## PROBLEM TO WORK ON
From the first line of the records below through the line with "今天整天...已數不清有多少", output each line exactly; skip the pictures.

[[ SUPPLIED DATA, beginning ]]

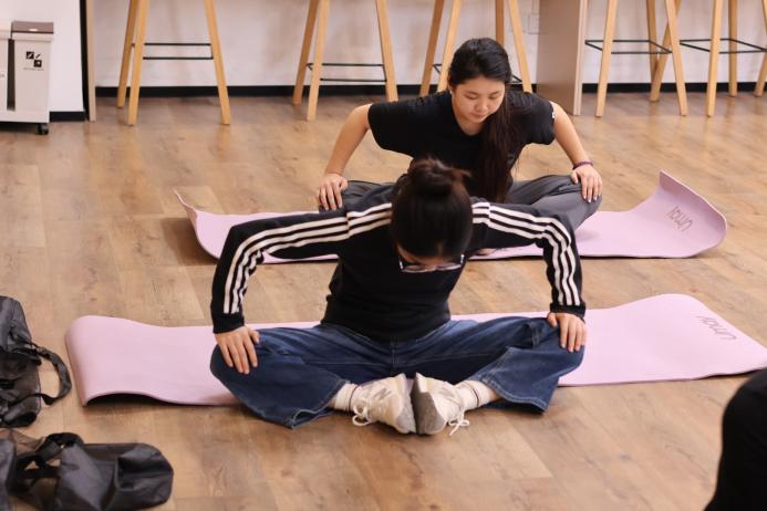 10月22日,中国舞《云絮轻舞》课程率先拉开帷幕。教育学院薛文兰小导师以工作室“零基础友好”的教学理念为指引,围绕中国舞核心的“提、沉”元素,结合呼吸节奏示范腰部起伏动作,“吸气时肩膀下沉、腰部自然上提,呼气时缓慢放松下沉,动作要像云朵飘动般连贯柔和”,细致的讲解搭配手把手指导,让零基础学员快速找到身体发力点。课程尾声,导师带领学员串联简短的手臂延伸片段,将体态与身韵动作初步融合,学员们在缓慢舒展的动作中,真切体会到中国舞的古典雅韵,课堂氛围宁静而专注。
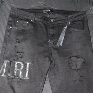 Experience the perfect blend of style and comfort with AMIRI's black skinny jeans. These jeans feature intentional distressing for a contemporary, edgy look. Crafted with precision, they offer a sleek silhouette that complements any modern wardrobe.
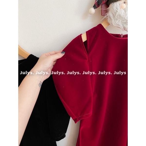 - Chất liệu : Váy chất nhung lì 1 lớp mỏng nhẹ nhưng lên dáng rất đứng form nha. Váy có khoá sau, dáng tay bồng, xẻ nhỏ bên vai. - Ảnh sản phẩm do JULYS tự chụp thật 100% và có chèn logo tên shop. Màu sắc thực tế của sản phẩm sẽ có sự chênh lệch ~5% do điều kiện ánh sáng, mong khách hiểu và thông cảm giùm em nha ❤ - 2 màu : đỏ thẫm/đen - Mình cao 1m57 46kg, số đo 83-63-90 mặc như hình ạ
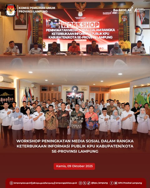 KPU Provinsi Lampung menggelar Workshop Peningkatan Media Sosial dalam Rangka Keterbukaan Informasi Publik yang diikuti oleh KPU Kabupaten/Kota se-Provinsi Lampung. Kegiatan ini dilaksanakan di Aula Kantor KPU Provinsi Lampung.
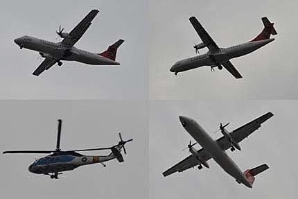 今天整天...已數不清有多少架的飛機飛過,居然還有"直升機"勒!太不可思議了吧....
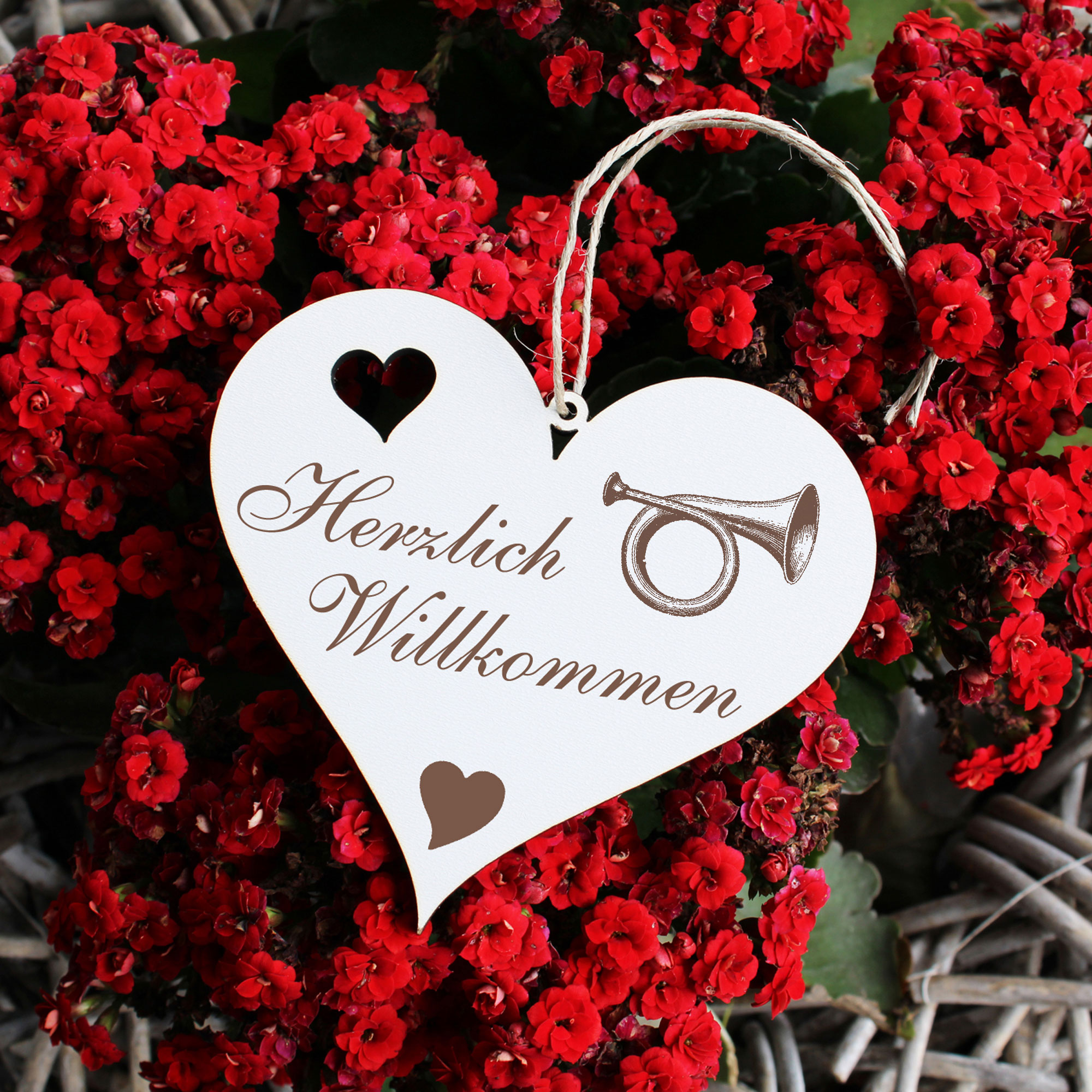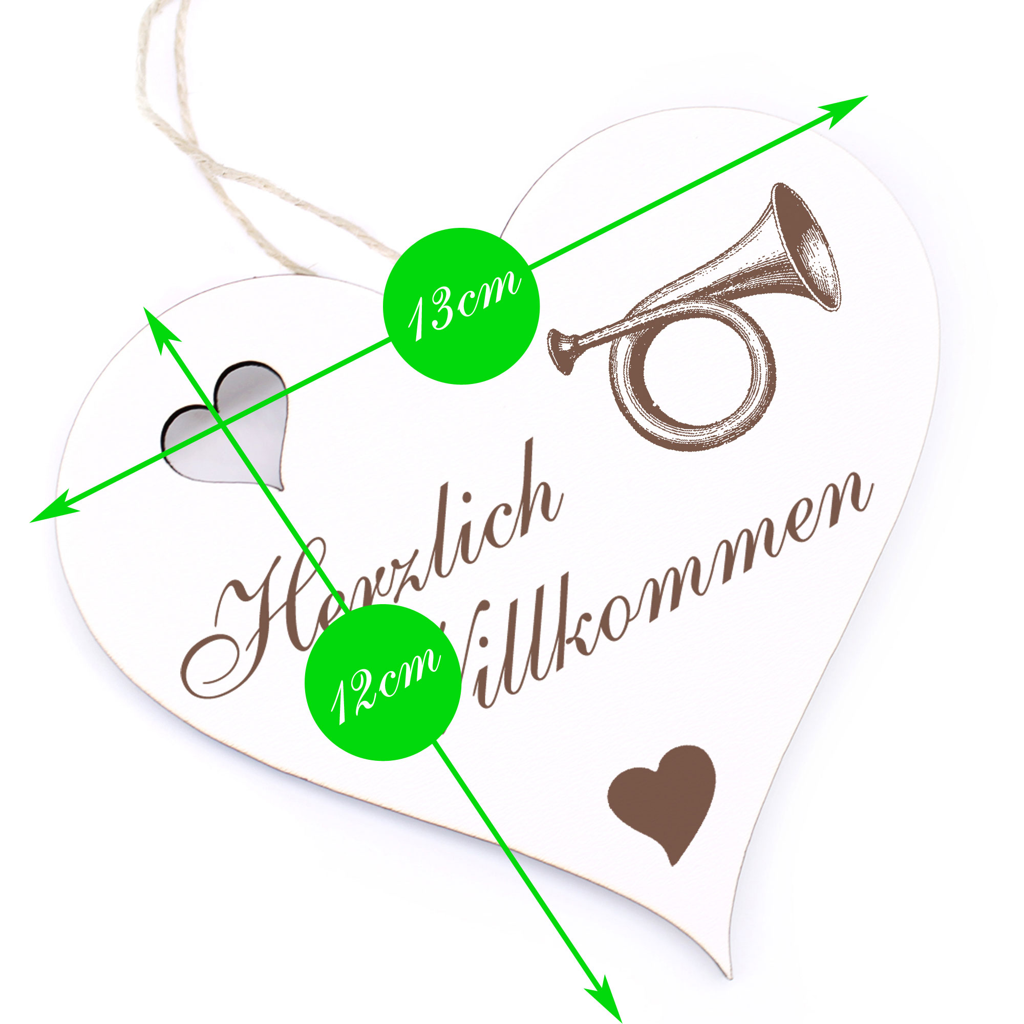 - DETAILS: Das Herzlich Willkommen Herz ist aus Holz (HDF) gefertigt, ist ca. 13cm x 12cm groß und wiegt etwa 41g. Das Juteband zum Aufhängen ist bereits an Ihrem Türschmuck angeknotet. Sie brauchen es nur noch an den Hauseingang bzw. an die Eingangstür hängen

[[ SUPPLIED DATA, end ]]

## ANSWER SPACE
 10月22日,中国舞《云絮轻舞》课程率先拉开帷幕。教育学院薛文兰小导师以工作室“零基础友好”的教学理念为指引,围绕中国舞核心的“提、沉”元素,结合呼吸节奏示范腰部起伏动作,“吸气时肩膀下沉、腰部自然上提,呼气时缓慢放松下沉,动作要像云朵飘动般连贯柔和”,细致的讲解搭配手把手指导,让零基础学员快速找到身体发力点。课程尾声,导师带领学员串联简短的手臂延伸片段,将体态与身韵动作初步融合,学员们在缓慢舒展的动作中,真切体会到中国舞的古典雅韵,课堂氛围宁静而专注。
 Experience the perfect blend of style and comfort with AMIRI's black skinny jeans. These jeans feature intentional distressing for a contemporary, edgy look. Crafted with precision, they offer a sleek silhouette that complements any modern wardrobe.
 - Chất liệu : Váy chất nhung lì 1 lớp mỏng nhẹ nhưng lên dáng rất đứng form nha. Váy có khoá sau, dáng tay bồng, xẻ nhỏ bên vai. - Ảnh sản phẩm do JULYS tự chụp thật 100% và có chèn logo tên shop. Màu sắc thực tế của sản phẩm sẽ có sự chênh lệch ~5% do điều kiện ánh sáng, mong khách hiểu và thông cảm giùm em nha ❤ - 2 màu : đỏ thẫm/đen - Mình cao 1m57 46kg, số đo 83-63-90 mặc như hình ạ
 KPU Provinsi Lampung menggelar Workshop Peningkatan Media Sosial dalam Rangka Keterbukaan Informasi Publik yang diikuti oleh KPU Kabupaten/Kota se-Provinsi Lampung. Kegiatan ini dilaksanakan di Aula Kantor KPU Provinsi Lampung.
 今天整天...已數不清有多少架的飛機飛過,居然還有"直升機"勒!太不可思議了吧....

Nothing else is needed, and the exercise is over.